Personal information
- Full name: Sara Jakobsen Madsen
- Born: 1 August 2000 (age 26) Frederikshavn, Denmark
- Nationality: Danish
- Height: 1.90 m (6 ft 3 in)
- Playing position: Right Back

Club information
- Current club: Ringkøbing Håndbold
- Number: 11

Senior clubs
- Years: Team
- 2017–2018: Frederikshavn fI
- 2017–2019: Vendsyssel Håndbold
- 2019: EH Aalborg
- 2019-2020: Sæby HK
- 2020-2021: Oppsal IF
- 2021-2022: Vendsyssel Håndbold
- 2021–2023: Hadsten Håndbold
- 2023–2026: Silkeborg-Voel KFUM
- 2026–: Ringkøbing Håndbold

= Sara Madsen =

Danish handball player (born 2000)

Sara Jakobsen Madsen (born 30 September 1995) is a Danish handball player who currently plays for Ringkøbing Håndbold in the Danish Women's Handball League. She has briefly represented the Danish youth national team.

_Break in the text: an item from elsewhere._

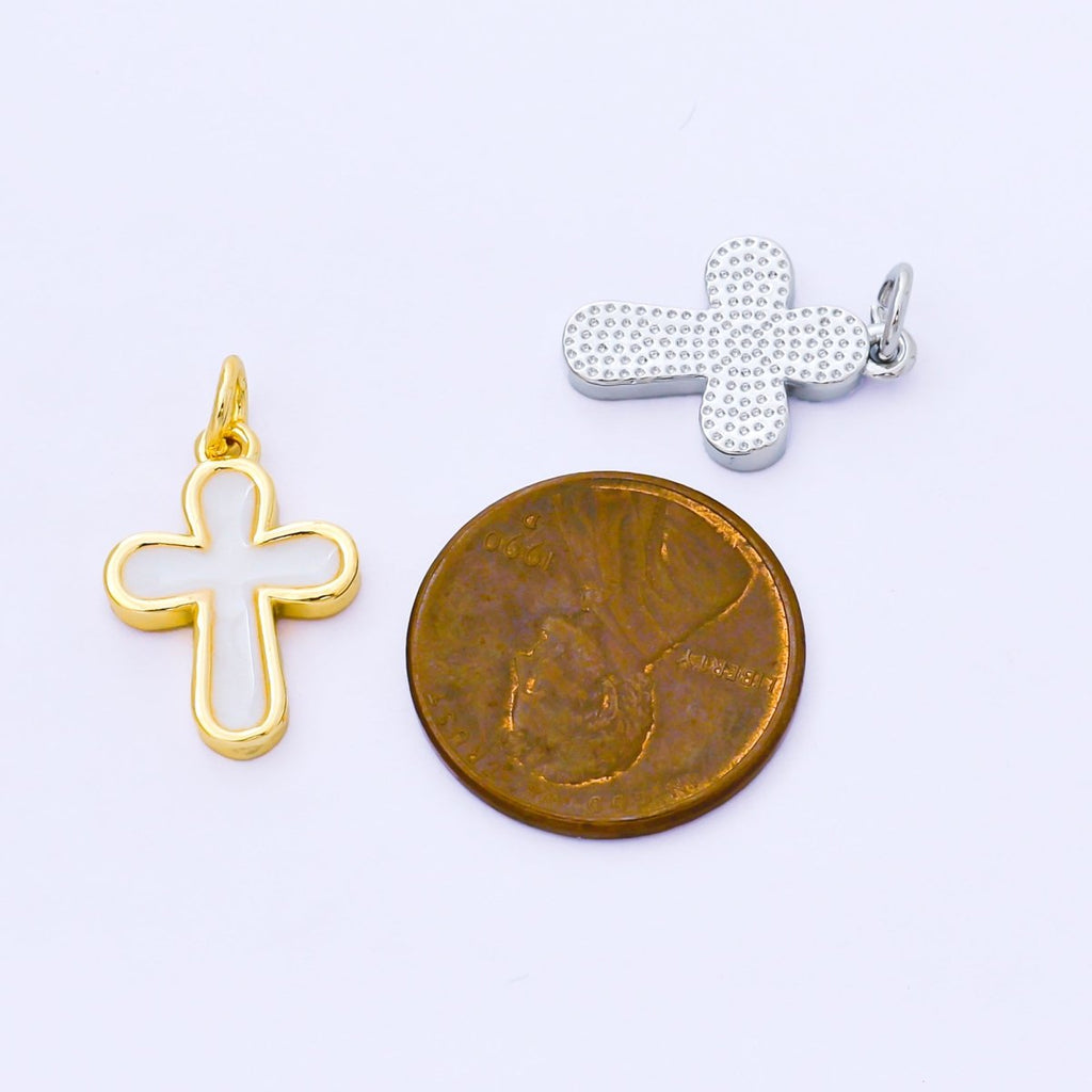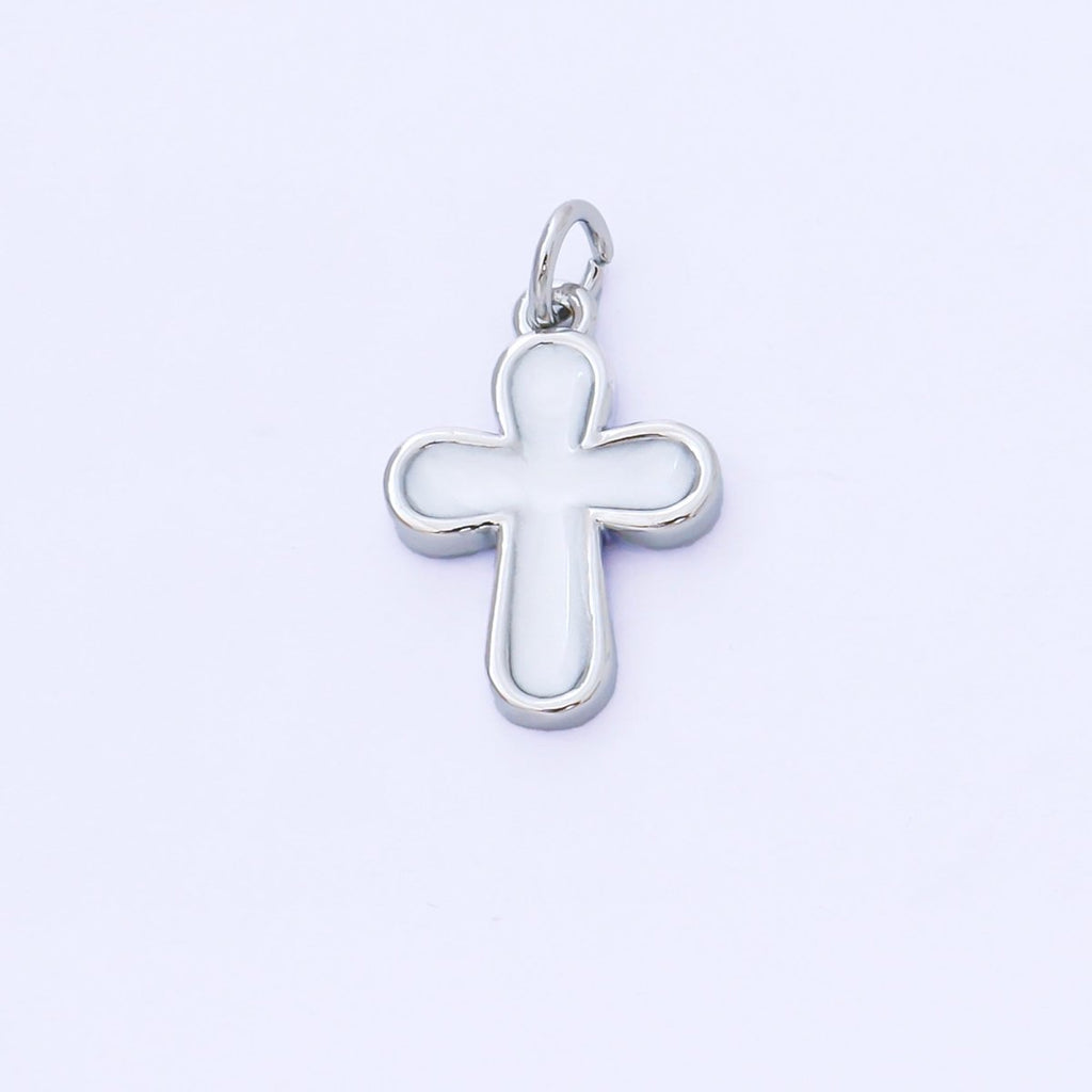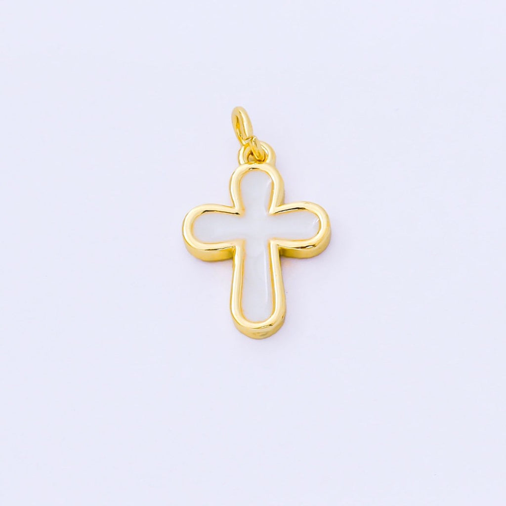 24K Gold Filled 16mm White Enamel Cross Holy Christian Catholic Charm in Gold & Silver | AF1518

Madsen has played in a variety of clubs in the lower divisions of the Danish leagues and also a short stay in Oppsal IF in Norway. The teams include Vendsyssel Håndbold, EH Aalborg, Hadsten Håndbold and recently Silkeborg-Voel KFUM with whom she played for three seasons. In April 2026, she signed a 1-year contract with Ringkøbing Håndbold.